Огашка-Сирота решила сменить тон разговора, прикинулась наивной простушкой и залепетала ангельским голоском:
–Прости меня Никитушка, за грубые слова. Не хочу я с первой нашей встречи с тобой, сокол, ссориться, наоборот понравился ты мне и подружиться я с тобой хочу. Пошутила это я. Люблю я розыгрыши разные. С шутками и прибаутками жить интереснее.
Просьба у меня к тебе, юный богатырь, сундук тяжелый я в карете привезла, помоги нам его разгрузить и затащить к брату в избу. За мной не пропадет. Конфетку с мохром большую дам, садись в карету. До церкви прокатишься с ветерком.
Никитка усмехнулся.
–Ладно, езжайте, – сказал он, – я на своих двоих с удовольствием пробегусь.
–Тогда не отставай. Умеешь, увалень, бегать-то?
Резко повернулась кругом Огашка-Сирота и направилась, было к карете, но тут она краем глаза увидела в палисаднике в зарослях малины притаившуюся женщину, одетую в темное до земли платье и повязанную до глаз темной косынкой.
«Вот прижухалась, кулугурка, стоит и подслушивает».
Огаша-Сирота остановилась.
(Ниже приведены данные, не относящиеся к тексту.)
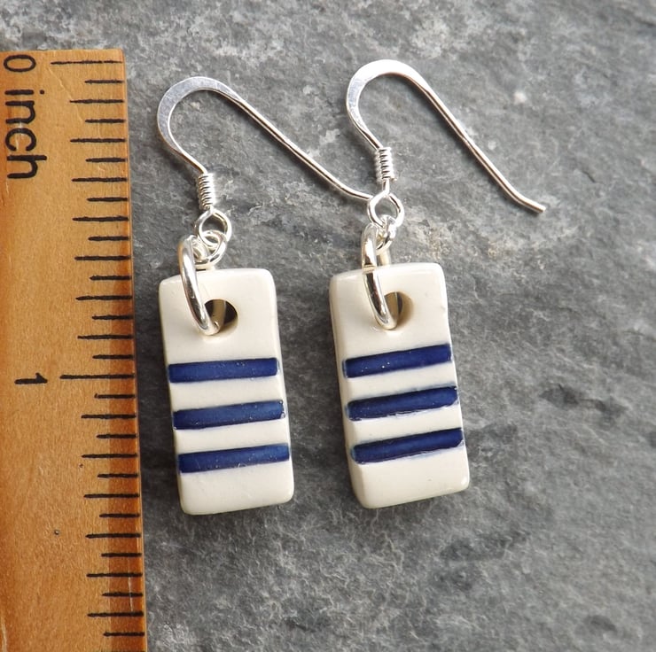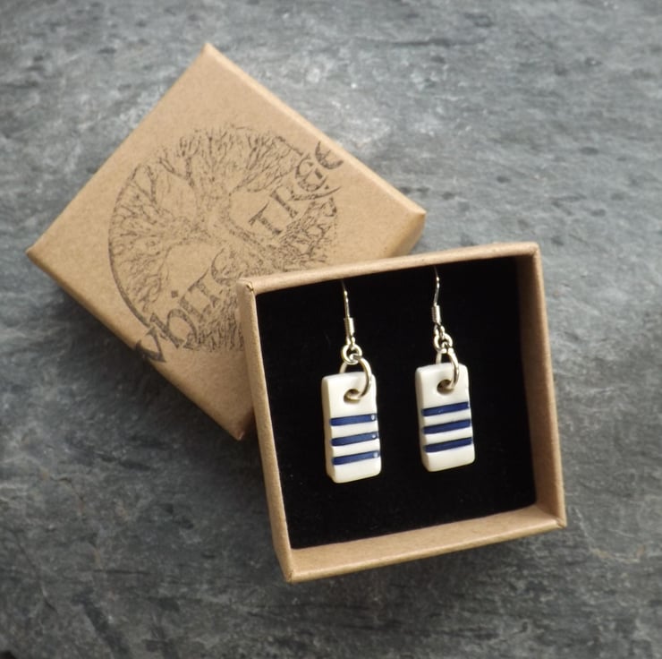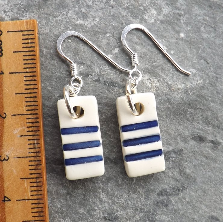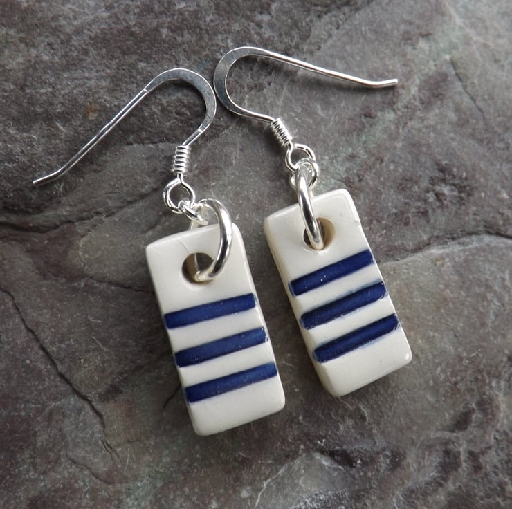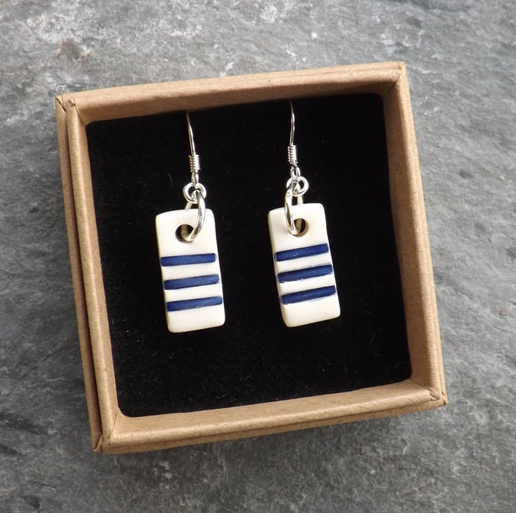 These earrings have stripes of deep blue on a white background. As with all my jewellery they are made and decorated entirely by hand.

Она поняла, что это мать Никиты-лапушка Груня.
«Вот любопытная, чертова баба, как это я сразу не заметила».
–Здрасте, тетя Груня, – крикнула она в палисадник и заулыбалась, – а я вас только сейчас увидела, извините. Дочь Авдотьи Чирковой я. Мать мне о вас много рассказывала, как вы с ней в Сызрани учились, кажись, даже дружили. Груня в ответ не проронила ни одного слова, продолжая глядеть на приезжую, хмурым, недружелюбным взглядом. У юной ворожеи недолго играла на лице вымученная улыбка. От тяжелого, раздевающего до гола взгляда суровой кулугурки, осеклась и сникла, спешно поклонилась и побежала к карете.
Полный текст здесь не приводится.